Omit the images, then print each record below exactly as it reads.

[Opening Supplied information section]

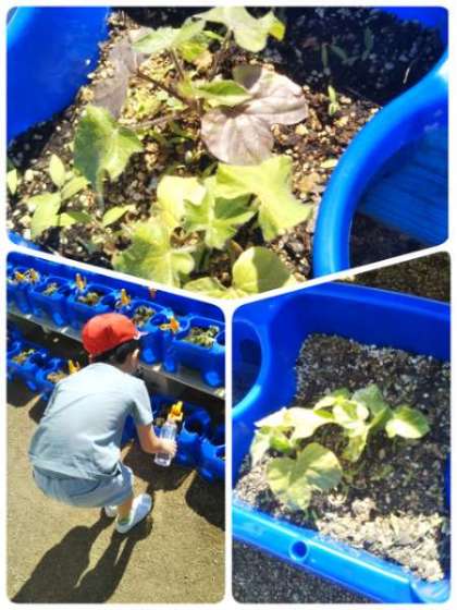 生活科で育てている「あさがお」に水やりをしています。どんどん大きく生長して、きれいな花を咲かせてほしいですね。
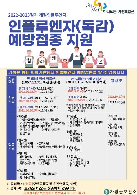 가평군의 경우 접종 장소는 주소지와 관계없이 위탁의료기관에서 접종이 가능하며, 만 65세 이상의 경우 관내 15개의 보건진료소에서도 가능하다. 가평군보건소와 보건지소는 지자체 예방접종사업과 코로나19 예방접종 사업에 집중하여 인플루엔자 예방접종은 어려울 것으로 전망된다.
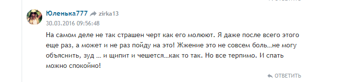 Следующая пациентка рассказывает, что, несмотря на зуд после процедуры, считает реабилитационный период терпимым и собирается пользоваться пилингом в дальнейшем.
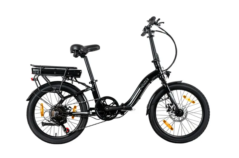 Aluvázas, pedálrásegítéses (pedelec), pedálszenzoros uniszex, összecsukható (folding) elektromos kerékpár városi közlekedésre, autós közlekedés kiegészítésére, hátsó agymotorral, és persze teljes "menetfelszereléssel": csomagtartó, első-hátsó elemes világítás, sárvédők, kitámasztó.
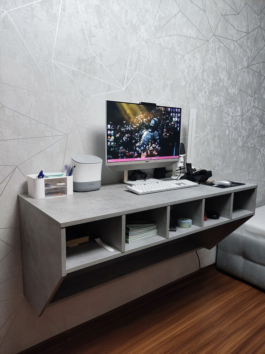 Заказ 00000298149, изделие Навесной письменный стол Хельга 1 BMS (1200х504х500)Дочке-подростку искали навесной письменный стол, но не просто плоскую доску, а функциональный с полочками. Стол МЕЧТЫ нашли на сайте Бест-Мебель. Особенно понравилось то, что при помощи программы-конструктора на сайте можно сконструировать мебель по своим размерам, цвету и прочим параметрам (добавить полочки или убрать их). Также съездили в мебельный торговый центр нашего города, где есть представитель компании Бест-Мебель. Там нам подтвердили, что заказать мебель сконструировав на сайте – это реально.В реальном виде мы этот стол на видели, отзывов на него на сайте не было. Но мы рискнули и заказали. Порадовало то, что полную оплату можно произвести после получения и проверки заказа. Это снижает риски получения некачественной продукции. За это отдельно спасибо Бест-Мебель!
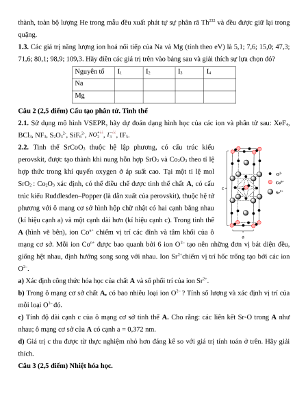2.2. Tinh thể SrCoO3 thuộc hệ lập phương, có cấu trúc kiểu
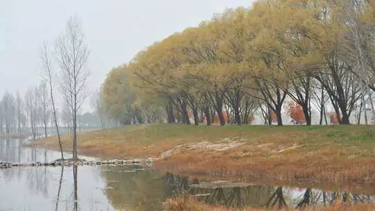 10月31日,北京野鸭湖湿地,大雾天气里,景色朦胧,天地仿佛蒙上了一层轻纱。
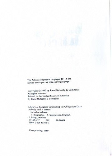 Nobody Said It Better! is an engaging and highly browsable collection of 2,700 sharp, witty, and memorable quotations drawn from famous figures across history, politics, literature, entertainment, and public life. Compiled with a keen editorial eye by Miriam Ringo, the book balances humor and insight, offering remarks that are clever, revealing, and often unexpectedly human.
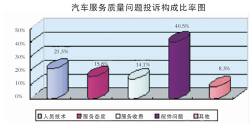 2007年三季度,全國汽車售后服務質量投訴表明,服務收費、服務態度和配件供應在服務質量投訴中占到70%以上。
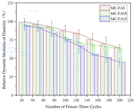 From Figure 7, it is quite evident that there is a negative correlation between fly ash content and the relative dynamic modulus of elasticity. The relative dynamic modulus of elasticity curves for manufactured sand concrete with 10% fly ash content were similar to those with 5% fly ash content and higher than those of other comparison groups. The relative dynamic modulus of elasticity for manufactured sand concrete with 5% fly ash content decreases more gradually during the first 75 freeze–thaw cycles, while those with 10%, especially 15% fly ash content, exhibited an almost linear decrease. At 75 freeze–thaw cycles, the relative dynamic modulus of elasticity for manufactured sand concrete with 5%, 10%, and 15% fly ash content was 92.4%, 90.6%, and 83.9%, respectively. By the time 150 freeze–thaw cycles were reached, these values had decreased to 75.1%, 68.3%, and 55.4%, representing decreases of 18.7%, 24.2%, and 33.9%, respectively. This indicated that as the fly ash content increased, the rate of decrease in the relative dynamic modulus of elasticity of manufactured sand concrete accelerated. The conclusions of studies by Yuan [] and Wang et al. [] are also similar to the findings mentioned above.
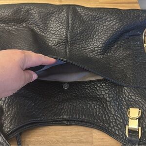 Chic black tote with elegant texture. Gold hardware adds a touch of luxury. Perfect for versatile styling. Genuine leather. No damage. Clean new condition. Missing the tag and the tag that hangs on the purse. Inside has the style name and details. Genuine leather! Amazing quality. Large bag and great for daily use. Comes from a pet free smoke free home! The interior is a gray suede polyester. Zipper details on the sides. So cool and unique! Material outside is genuine leather. Make me your offer
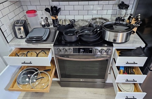 Basement: The lower level houses two cozy bedrooms with premium memory foam mattresses, blackout curtains for restful sleep, and thoughtful decor. The master bedroom features a luxurious king bed, while the second bedroom offers a comfortable sleeping arrangement for guests. A full bathroom and an in-unit washer and dryer make extended stays a breeze.
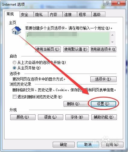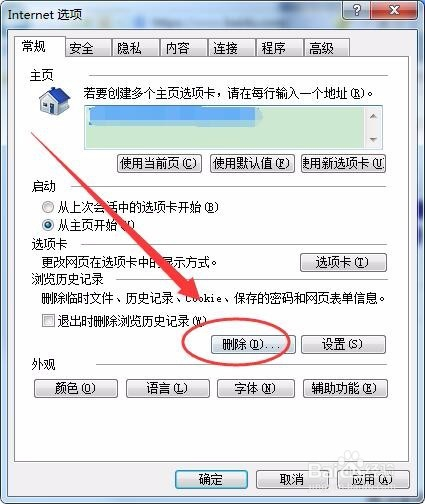 Internet选项窗口中,单击常规选项卡的删除按钮。
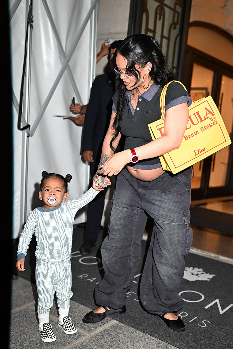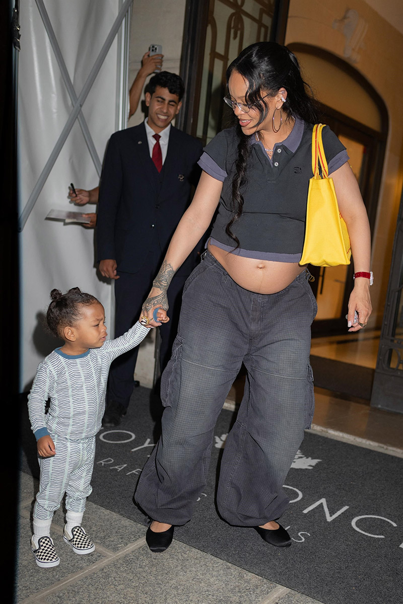 Rihanna attended the Dior Spring 2026 Men’s Fashion show with son Riot Rose in Paris. The 37-year-old mom-of-3 wore a shrunken layered polo shirt by Alexander Wang that revealed her baby bump. She also rocked grey cargo pants and black ballet flats.
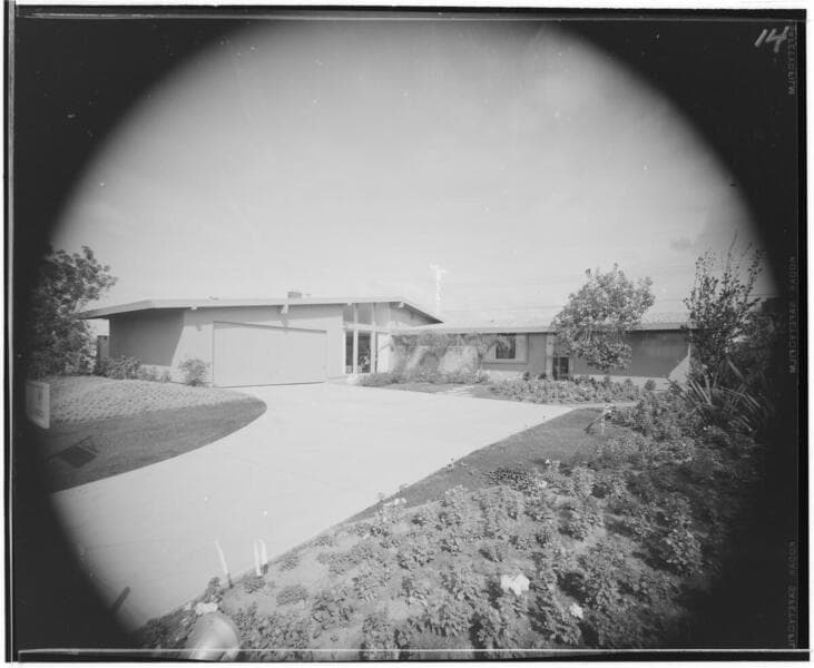 Interiors and exteriors of model home in the Rossmoor development located near Long Beach. Two images of the kitchen originally housed in inner sleeve marked "Frig" [Frigidaire?]. Furnished by Davis Furniture of Long Beach.
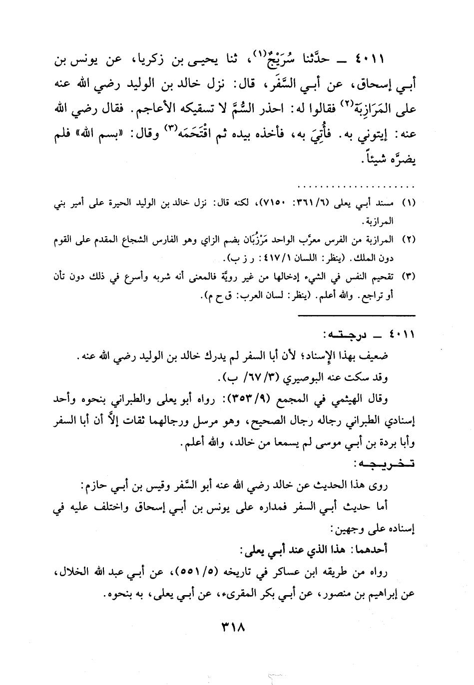 4011 - حَدَّثَنَا سُرَيْجُ، ثنا يَحْيَى بْنُ زَكَرِيَّا، عَنْ يُونُسَ بْنِ أَبِي إِسْحَاقَ، عَنْ أَبِي السَّفَرِ، قَالَ: نَزَلَ خَالِدُ بْنُ الْوَلِيدِ رَضِيَ الله عَنْه عَلَى الْمَرَازِبَةِ فَقَالُوا لَهُ: احْذَرِ السُّمَّ لَا تَسْقِيكَهُ الْأَعَاجِمُ. فَقَالَ رَضِيَ الله عَنْه: §إيتوني بِهِ. فَأُتِيَ بِهِ. فَأَخَذَهُ بِيَدِهِ ثُمَّ اقتحمه وقال: " بسم اللَّهِ " فَلَمْ يَضُرَّهُ شَيْئًا.
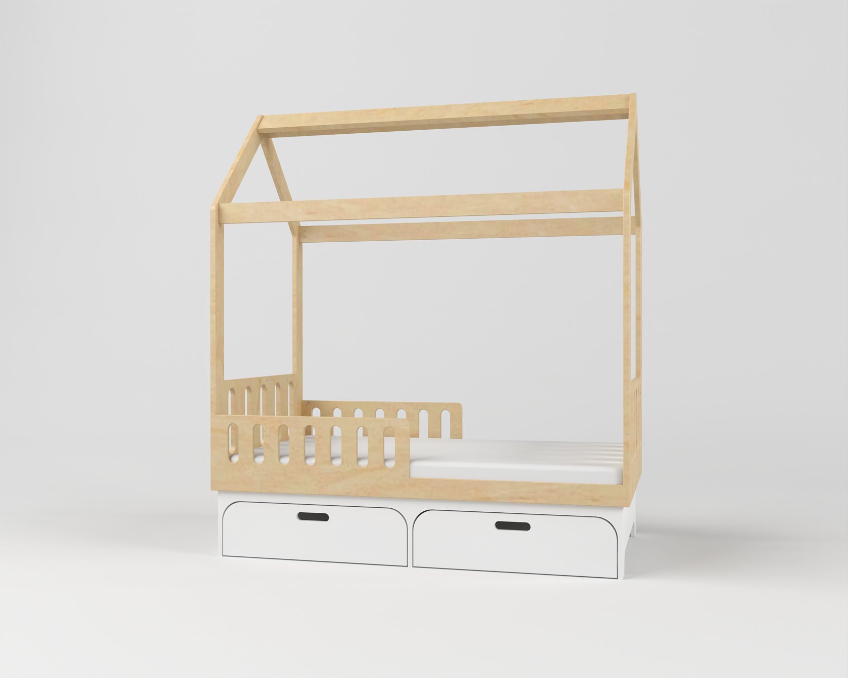 Боковой бортик обеспечивает малышам безопасность и комфорт в ночное время. Кровать изготовлена из очень прочной, устойчивой березовой фанеры и может легко удерживать ребенка, если он повиснет на верхушке или заберется на неё.
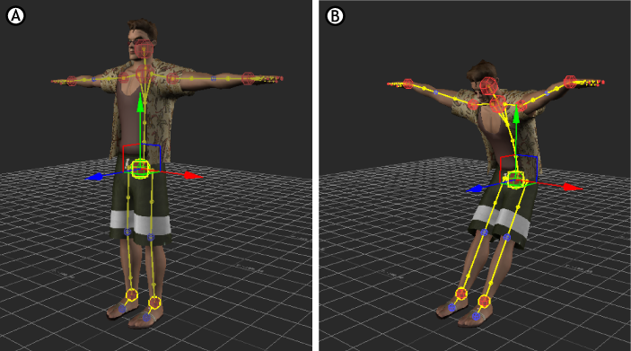 Effector pinning A. Character with wrists and ankles pinned in translation and rotation B. The wrists and ankles remain in place even when the Hips are translated along the Z-axis.

[Closing Supplied information section]

Result of the exercise
 生活科で育てている「あさがお」に水やりをしています。どんどん大きく生長して、きれいな花を咲かせてほしいですね。
 가평군의 경우 접종 장소는 주소지와 관계없이 위탁의료기관에서 접종이 가능하며, 만 65세 이상의 경우 관내 15개의 보건진료소에서도 가능하다. 가평군보건소와 보건지소는 지자체 예방접종사업과 코로나19 예방접종 사업에 집중하여 인플루엔자 예방접종은 어려울 것으로 전망된다.
 Следующая пациентка рассказывает, что, несмотря на зуд после процедуры, считает реабилитационный период терпимым и собирается пользоваться пилингом в дальнейшем.
 Aluvázas, pedálrásegítéses (pedelec), pedálszenzoros uniszex, összecsukható (folding) elektromos kerékpár városi közlekedésre, autós közlekedés kiegészítésére, hátsó agymotorral, és persze teljes "menetfelszereléssel": csomagtartó, első-hátsó elemes világítás, sárvédők, kitámasztó.
 Заказ 00000298149, изделие Навесной письменный стол Хельга 1 BMS (1200х504х500)Дочке-подростку искали навесной письменный стол, но не просто плоскую доску, а функциональный с полочками. Стол МЕЧТЫ нашли на сайте Бест-Мебель. Особенно понравилось то, что при помощи программы-конструктора на сайте можно сконструировать мебель по своим размерам, цвету и прочим параметрам (добавить полочки или убрать их). Также съездили в мебельный торговый центр нашего города, где есть представитель компании Бест-Мебель. Там нам подтвердили, что заказать мебель сконструировав на сайте – это реально.В реальном виде мы этот стол на видели, отзывов на него на сайте не было. Но мы рискнули и заказали. Порадовало то, что полную оплату можно произвести после получения и проверки заказа. Это снижает риски получения некачественной продукции. За это отдельно спасибо Бест-Мебель!
2.2. Tinh thể SrCoO3 thuộc hệ lập phương, có cấu trúc kiểu
 10月31日,北京野鸭湖湿地,大雾天气里,景色朦胧,天地仿佛蒙上了一层轻纱。
 Nobody Said It Better! is an engaging and highly browsable collection of 2,700 sharp, witty, and memorable quotations drawn from famous figures across history, politics, literature, entertainment, and public life. Compiled with a keen editorial eye by Miriam Ringo, the book balances humor and insight, offering remarks that are clever, revealing, and often unexpectedly human.
 2007年三季度,全國汽車售后服務質量投訴表明,服務收費、服務態度和配件供應在服務質量投訴中占到70%以上。
 From Figure 7, it is quite evident that there is a negative correlation between fly ash content and the relative dynamic modulus of elasticity. The relative dynamic modulus of elasticity curves for manufactured sand concrete with 10% fly ash content were similar to those with 5% fly ash content and higher than those of other comparison groups. The relative dynamic modulus of elasticity for manufactured sand concrete with 5% fly ash content decreases more gradually during the first 75 freeze–thaw cycles, while those with 10%, especially 15% fly ash content, exhibited an almost linear decrease. At 75 freeze–thaw cycles, the relative dynamic modulus of elasticity for manufactured sand concrete with 5%, 10%, and 15% fly ash content was 92.4%, 90.6%, and 83.9%, respectively. By the time 150 freeze–thaw cycles were reached, these values had decreased to 75.1%, 68.3%, and 55.4%, representing decreases of 18.7%, 24.2%, and 33.9%, respectively. This indicated that as the fly ash content increased, the rate of decrease in the relative dynamic modulus of elasticity of manufactured sand concrete accelerated. The conclusions of studies by Yuan [] and Wang et al. [] are also similar to the findings mentioned above.
 Chic black tote with elegant texture. Gold hardware adds a touch of luxury. Perfect for versatile styling. Genuine leather. No damage. Clean new condition. Missing the tag and the tag that hangs on the purse. Inside has the style name and details. Genuine leather! Amazing quality. Large bag and great for daily use. Comes from a pet free smoke free home! The interior is a gray suede polyester. Zipper details on the sides. So cool and unique! Material outside is genuine leather. Make me your offer
 Basement: The lower level houses two cozy bedrooms with premium memory foam mattresses, blackout curtains for restful sleep, and thoughtful decor. The master bedroom features a luxurious king bed, while the second bedroom offers a comfortable sleeping arrangement for guests. A full bathroom and an in-unit washer and dryer make extended stays a breeze.
 Internet选项窗口中,单击常规选项卡的删除按钮。
 Rihanna attended the Dior Spring 2026 Men’s Fashion show with son Riot Rose in Paris. The 37-year-old mom-of-3 wore a shrunken layered polo shirt by Alexander Wang that revealed her baby bump. She also rocked grey cargo pants and black ballet flats.
 Interiors and exteriors of model home in the Rossmoor development located near Long Beach. Two images of the kitchen originally housed in inner sleeve marked "Frig" [Frigidaire?]. Furnished by Davis Furniture of Long Beach.
 4011 - حَدَّثَنَا سُرَيْجُ، ثنا يَحْيَى بْنُ زَكَرِيَّا، عَنْ يُونُسَ بْنِ أَبِي إِسْحَاقَ، عَنْ أَبِي السَّفَرِ، قَالَ: نَزَلَ خَالِدُ بْنُ الْوَلِيدِ رَضِيَ الله عَنْه عَلَى الْمَرَازِبَةِ فَقَالُوا لَهُ: احْذَرِ السُّمَّ لَا تَسْقِيكَهُ الْأَعَاجِمُ. فَقَالَ رَضِيَ الله عَنْه: §إيتوني بِهِ. فَأُتِيَ بِهِ. فَأَخَذَهُ بِيَدِهِ ثُمَّ اقتحمه وقال: " بسم اللَّهِ " فَلَمْ يَضُرَّهُ شَيْئًا.
 Боковой бортик обеспечивает малышам безопасность и комфорт в ночное время. Кровать изготовлена из очень прочной, устойчивой березовой фанеры и может легко удерживать ребенка, если он повиснет на верхушке или заберется на неё.
 Effector pinning A. Character with wrists and ankles pinned in translation and rotation B. The wrists and ankles remain in place even when the Hips are translated along the Z-axis.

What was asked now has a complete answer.